The District 5 election: A preview

From the SF Examiner:
The election to choose the next representative for the Fillmore and Haight on the Board of Supervisors is nearly a year away, but candidates are already raising money and pitching voters in 2019’s only supervisorial race (Attention turns to D5, where SF’s only supervisorial race of 2019 is underway).
The three candidates are raising money and "pitching voters" long before they've made a serious attempt at telling us what they stand for:
For tenant rights attorney and progressive candidate Dean Preston, it’s nothing new. He ran in 2016 against then District 5 supervisor and board president London Breed, who is now mayor, and picked up 47.6 percent of the vote, losing by only 1,784 votes. His volunteer team has remained active since then with efforts around neighborhood projects and political measures.
Preston's strong showing in 2016 was more about Breed's weakness than his strength, as I pointed out after the election. Preston had a strong ground game, with volunteers who helped him get name recognition in the district. But as I pointed out during the campaign, he was timid on the issues and ran an essentially one-issue campaign:
Some suggest Preston’s strong showing in 2016 gives him the edge over current Supervisor Vallie Brown, who Breed appointed in July 2018 to the seat she vacated after her election as mayor...Brown was a legislative aide to Breed and prior to that, an aide to former District 5 Supervisor Ross Mirkarimi.
Working for both Mirkarimi and Breed is not an impressive political resume, since both were awful supervisors (see this and this), though the Murk was a pretty good sheriff before City Hall destroyed his political career based on political hysteria over a rather innocuous domestic dispute:
During the District 5 contest, Brown’s independence from the moderate Breed could be an issue in the left-leaning district. But there’s plenty of time for Brown to become “embedded in the community” as the supervisor and distance herself from Breed by having her “own record, if she does it right,” according to [Jim]Ross. After six months on the job, Brown is seemingly hitting the right notes. “I’m voting what I think is right,” Brown said. “I had the progressives tell me I’ve been voting more of a progressive agenda.”
What about Brown's record? Presumably Brown was intimately involved in the Masonic Avenue fiasco. And can we have some names of "progressives" who approve of her voting record? Brown's "independence" is not the issue. Instead it's about how she helped both Breed and Mirkarimi be awful supervisors:
She[Brown] toted[sic] her ability to pass once stalled legislation to permit greater housing density along the Divisadero corridor in exchange for making 20 percent of the units below market rate. She said that was the “highest affordability without developers walking away.” Her secret? “I went out and talked to everyone,” Brown said. “I also talked with developers.” In the end, she believes she was able to gain 90 percent of residents’ support for the proposal.
What exactly does "affordability" really mean in gentrifying San Francisco? And where/when did Brown get "90 percent of residents' support"? Brown and Preston will both need to tell us what they think about the "density" issue, particularly Scott Wiener's ongoing attempt to allow the state to control how California's cities create housing.

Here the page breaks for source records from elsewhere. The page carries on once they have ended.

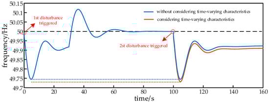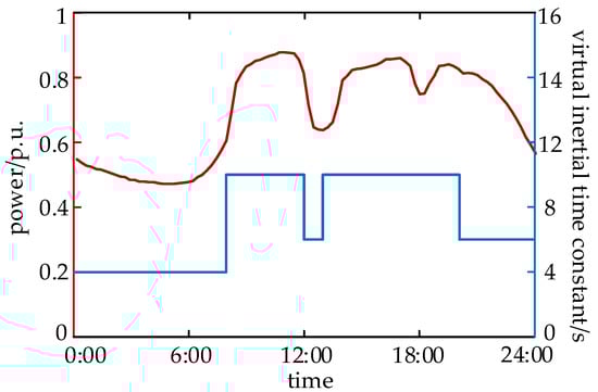 To further verify the accuracy of the proposed calculation method in actual operation scenarios, we took the typical daily load curve of the actual power grid in a certain area as a reference. We selected 96 points in the daily load data of a certain day and calculated the lowest frequency point of each point in the case of the system load step; the load increase range was 120 MW, and the maximum load was set to 95% of the total power generation. Figure 11 shows the daily load curve and the virtual inertial time constants corresponding to the renewable energy stations at different times. Figure 12 shows the frequency response of the system when considering the time-varying characteristics of the virtual inertia of the new energy station and not considering the time-varying characteristics. It can be seen that considering the time-varying characteristics of the virtual inertia of new energy stations makes it possible to better reflect the frequency response process of the actual system after a disturbance.
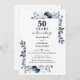 This elegant, navy blue 50th golden wedding anniversary invitation can be personalised with your information in modern typography. Designed by Thisisnotme©
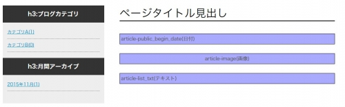 今回は図のように2カラムのレイアウトでサイト内ブログを構築します。
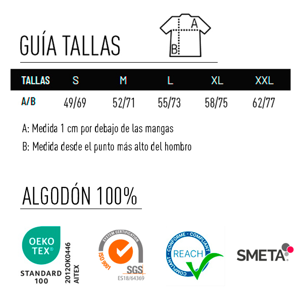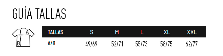 (A: Medida 1 cm por debajo de las mangas / B: Medida desde el punto más alto del hombro)
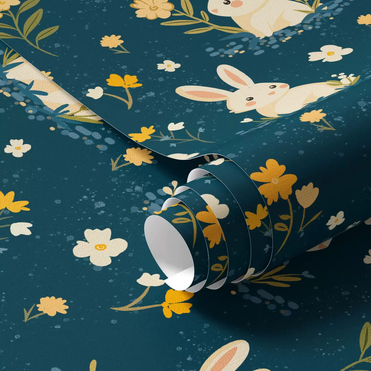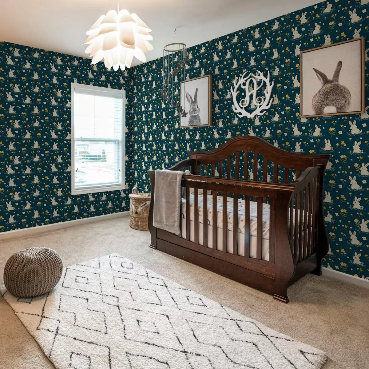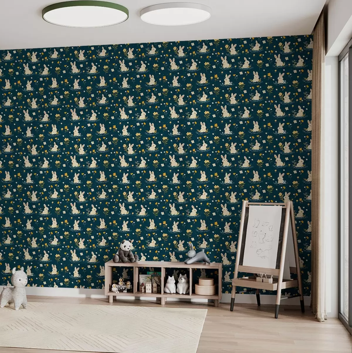 Papel tapiz Conejos en hierba y flores sobre fondo oscuro Nr. a00080
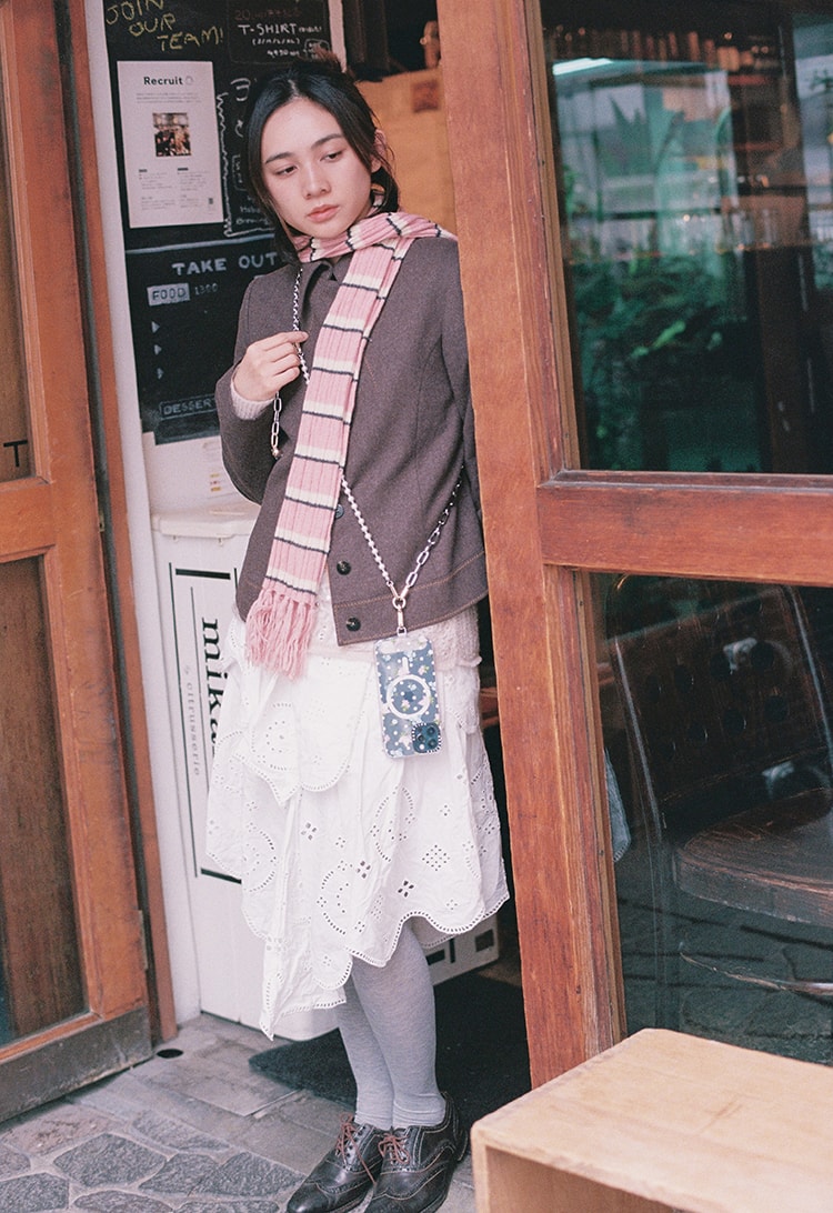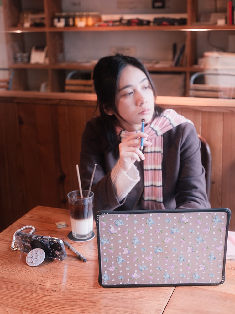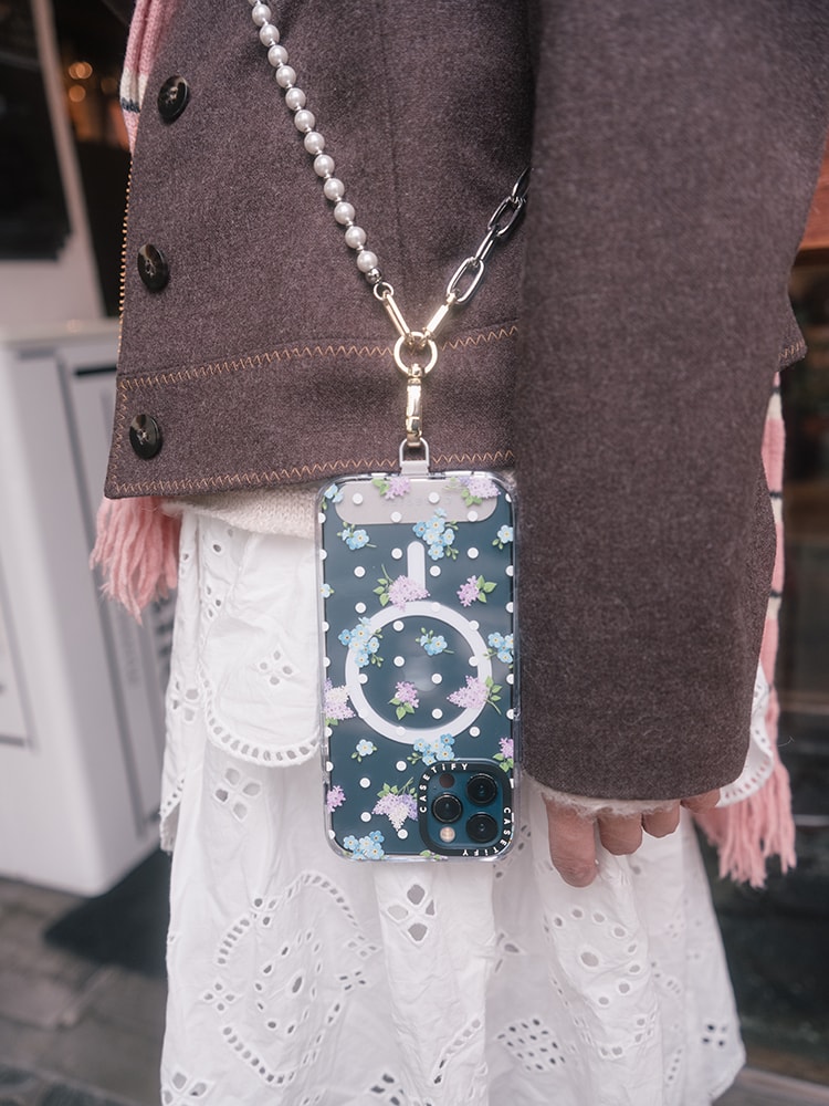 - 初春の空気感を意識して、レースのスカートやピンクのストライプニットを重ねて柔らかさを出しました。ケースは、一目で気に入った「Blue Garden Dots」のクリアタイプ。iPhone本体の色を活かしながら、服をレイヤードするように楽しめるのが魅力です。PCケースもお揃いの柄で揃えたら、デスクの上が一気に春らしくなってモチベーションが上がりました。
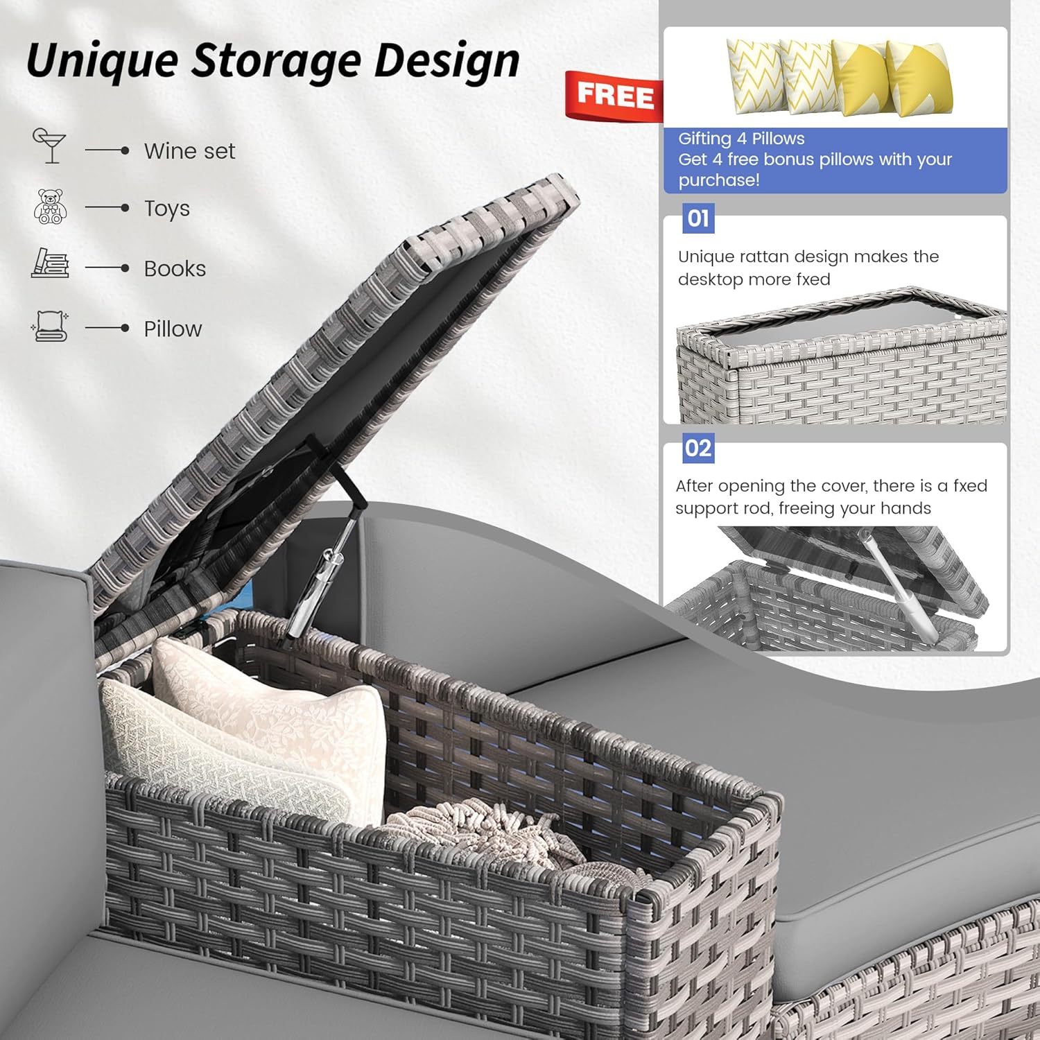 Patio Sectional Furniture Outdoor 8-Piece Grey Rattan Curved Sofa Set with Fire Pit Table,Storage Table,Pillows,Fit for Pool Backyard Balcony Porch Lawn (Grey)

All three candidates need to be questioned about development in general in the city, including on Treasure Island, the Market and Octavia Plan, and 19th Avenue:
“A lot of the issues are really similar now,” Preston said. “I don’t think anything’s changed — homelessness, fear of displacement, lack of affordable housing.”
Those issues are all about housing, which of course is the most important issue facing the city. But Preston has never taken a stand on the Masonic Avenue bike project or the Geary BRT project. Apparently he doesn't think development and transportation are closely related.

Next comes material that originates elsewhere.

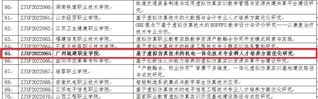 11月7日,教育部高等學(xué)校科學(xué)研究發(fā)展中心發(fā)布了《關(guān)于公布2022年度<虛擬仿真技術(shù)在職業(yè)教育教學(xué)中的創(chuàng)新應(yīng)用>專項(xiàng)課題名單的通知》,學(xué)校申報(bào)的《基于虛擬仿真技術(shù)的機(jī)電一體化技術(shù)專業(yè)群人才培養(yǎng)方案優(yōu)化研究》獲批立項(xiàng)。

And what exactly does Preston mean by calling himself a "socialist"? Seems like a clumsy attempt to capitalize on the advent of Bernie Sanders in 2016 (Defining "socialism" for District 5 and San Francisco): 
Shanell Williams, a City College of San Francisco trustee who was born and raised in the district, is also running and recently held a fundraiser that drew around 40 residents...Williams wants to put community health at the center of her platform, which means a focus on services around mental health and substance use and affordable health care. Employed as a UCSF Preterm Birth Initiative community engagement specialist, she entered the race after Preston and Brown and is currently “developing a policy platform.”
Declaring yourself a candidate before you have done some serious thinking about the issues puts the cart before the horse. And does District 5---or the city, for that matter---have serious issues on health care? Perhaps, but Williams needs to also tell us where she stands on housing, development, and transportation.

Maybe we'll find out this year how left-wing District 5 really is.